Gudymenko calls the catastrophic situation with employee incentives a separate point of analysis. People work in the ministry with completely different goals: some want new titles, others want to live until retirement, still others want to really change something, and some are just sitting out the war in the rear. But the system is absolutely unable to manage this variety of motivations. A person with ideas and potential gets surrounded by “cabinet colonels”, loses his enthusiasm and soon becomes part of the old system.
The head of the Public Anti-Corruption Council notes that although thousands of new people joined the army and the Ministry of Defense during the war — logisticians, lawyers, IT specialists, managers — their potential was wasted because the system was unable or unwilling to integrate them. Everything better that the ministry is demonstrating today at international forums was created precisely by these “new cadres”, but without systemic support and without real influence.
“I can say a lot more about the problems with military education, innovations, the lack of “mathematics of war”, which everyone is talking about and which really does not exist anywhere, and other problems that we are trying to solve in one way or another. But then the article, which should formulate a diagnosis, will turn into a monograph in terms of volume and lose its meaning.

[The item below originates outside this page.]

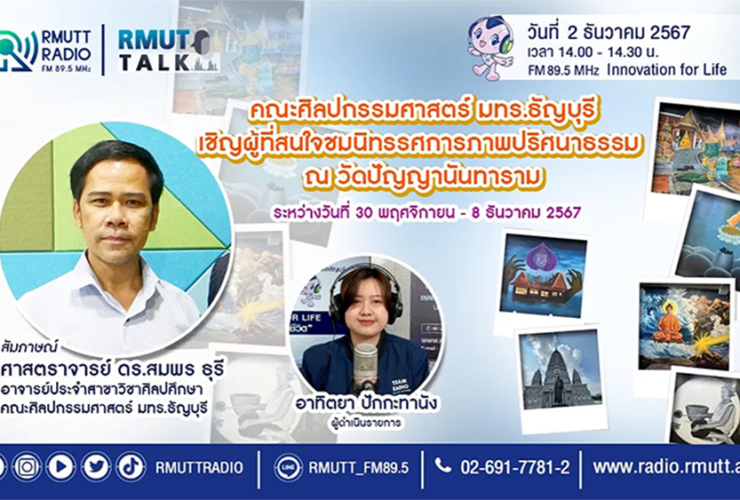 RMUT TALK l คณะศิลปกรรมศาสตร์ มทร.ธัญบุรี เชิญผู้ที่สนใจชมนิทรรศการภาพปริศนาธรรม ณ วัดปัญญานันทาราม สัมภาษณ์ ศาสตราจารย์ ดร.สมพร ธุรี อาจารย์ประจำสาขาวิชาศิลปศึกษา คณะศิลปกรรมศาสตร์ มทร.ธัญบุรี คณะศิลปกรรมศาสตร์ มหาวิทยาลัยเทคโนโลยีราชมงคลธัญบุรี ขอเชิญเข้าร่วม กิจกรรมภาพธรรมศิลป์ (ปริศนาธรรม) ระหว่างวันที่ 30 พฤศจิกายน – 8 ธันวาคม 2567 ณ วัดปัญญานันทาราม รับฟังได้ทาง FM 89.5 MHz. Innovation for Life วิทยุราชมงคลธัญบุรี ออกอากาศ วันที่ 2 ...

Making a diagnosis is important, because it is the only way to prescribe the right treatment. If the Ministry of Defense were a person, the long list of diseases would include obesity, impotence, depression, and many other words of Latin origin. It is treated and the ministry can be saved. But first we as a society have to understand what we are dealing with.
And the fact is that there is no magic pill to cure a patient of all his diseases at the same time. The treatment will be difficult, long and as unpleasant as possible, especially during the war, because after the war society will happily forget about both the ministry and defense, and now it is the focus of attention.
All those who say that it is enough to replace one minister with another, fire (or appoint) a deputy or, for example, paint the ministry building in the colors of the state flag and then everything will be fine – they are all wrong, consciously or unconsciously. We need a functional audit, a comprehensive reform, a long and difficult weeding out of the “deep state of colonels”, mass reduction, professional hiring of new employees, in other words, a completely new architecture, culture and philosophy of the Ministry of Defense. – sums up Yurii Gudymenko.
This material reflects solely the opinions of Yuri Gudymenko. The point of view of the editors of IA “FAKT” may not coincide with them.